The basal ganglia, also referred to as the basal nuclei, are a set of 6 interconnected subcortical nuclei that control the rate of movement. It forms part of a circuit that receives inputs from the cortex and relays information back to the cortex - ultimately modulating cortical activity.

The nuclei are spread throughout the forebrain and can be divided into 3 sections:

1. Input nuclei - this includes the caudate nucleus and the putamen (which are collectively referred to as the striatum).
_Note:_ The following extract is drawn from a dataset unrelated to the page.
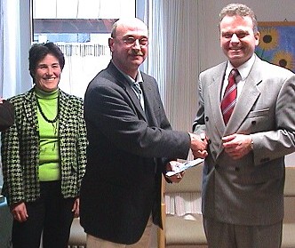 Ort der Akzeptanz in Eberbach gefunden Bürgermeister Bernhard Martin (r.) gratuliert Hans Martin Brück vom Diakonischen Werk zu den neuen Räumen. Links Dekanin Hiltrud Schneider-Cimbal. (Foto:C.Richter)(cr) Seit April 2000 betreibt das Diakonische Werk in Eberbach die Tagesstätte für psychisch behinderte Menschen. Vor kurzem konnten neue Räumlichkeiten in der Friedrichstraße 14 bezogen werden. Am 27. April wurden diese Räume der Öffentlichkeit vorgestellt. Zu den Gratulanten gehörten auch Hiltrud Schneider-Cimbal, Pfarrerin in Eberbach und Dekanin des evangelischen Kirchenbezirks Neckargemünd, Bürgermeister Bernhard Martin sowie Manfred Schöniger, Vertreter des Diakonischen Werks Baden.

The nucleus accumbens is located rostrally at the region where the caudate nucleus and putamen meet. It is involved in the reward system and is the interface between motivation and action.
2. Intrinsic nuclei - this includes the globus pallidus externa (GPe), subthalamus, and the SNc. The subthalamus house glutamatergic neurons.
3. Output nuclei - this includes the globus pallidus interna (GPi) and the SNpr.

The basal ganglia are not fully understood but we know they participate in higher order and cognitive aspects of motor control (planning and execution of complex motor movements). It is also involved in the modulation of cognition and emotional responses. It acts as a filter for expression of inappropriate movements.
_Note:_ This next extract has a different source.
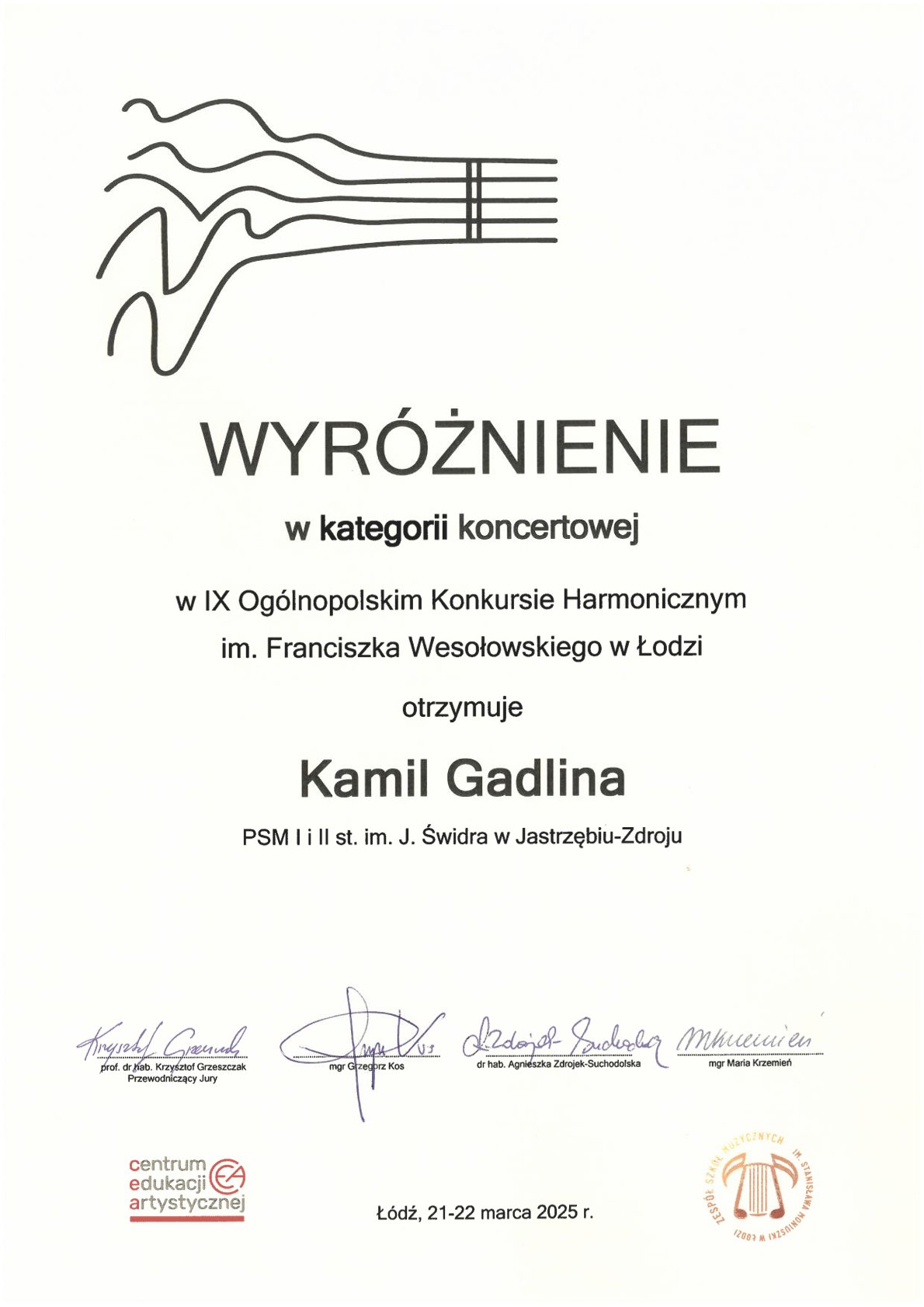 - IX Ogólnopolski Konkurs Harmoniczny im. Franciszka Wesołowskiego w Łodzi, 21-22.03.2025 r.

• Input organisation - the striatum (caudate + putamen) receives inputs from widespread regions of the central nervous system (such as the thalamic nuclei, limbic structures, substantia nigra pars compacta, raphe nuclei and the entire cortex). The primary motor cortex (M1) projects to the putamen with raw motor information, while the association cortices (premotor cortex and supplementary motor area) project to the caudate with preprocessed information.
• Output organisation - the basal nuclei then output to the thalamus (which then outputs to the cortex). Before reaching the thalamus, the basal nuclei modulate the motor control through 2 pathways:
1. Direct pathway

This is an excitatory pathway that stimulates movement through disinhibition of the thalamus, thus allowing it to relay to the cortex.

The cortex excites the striatum through glutamate (excitatory). This then stimulates the release of GABA (inhibitory) onto the GPi and SNr which normally inhibits the thalamus. As the GPi does not inhibit the thalamus, the thalamus is thus “disinhibited” and is able to then stimulate the cortex through glutamate release. The ultimate result is an increase in movement.

2. Indirect pathway - this is an inhibitory pathway that inhibits movement through disinhibition of the subthalamus which stimulates suppression of the thalamus and therefore suppression of the motor cortex.

The cortex excites the striatum through glutamate. This then stimulates the release of GABA onto the GPe which normally is inhibiting the subthalamus. As the GPe is now inhibited, the subthalamus is disinhibited. The subthalamus stimulates the GPi and SNr through glutamate release. This then allows the GPi and SNr to inhibit the thalamus. The thalamus is now unable to stimulate the cortex and ultimately we have a decrease in movement.

The 2 pathways counterbalance each other to prevent hypokinetic and hyperkinetic disorders.

💡 The term disinhibition refers to a reduction of the synaptic inhibition exerted by a GABAergic neuron onto a glutamatergic neuron by using another GABAergic neuron to inhibit the initial GABAergic neuron’s effect (essentially 2 negatives make a positive).

So what about the substantia nigra pars compacta?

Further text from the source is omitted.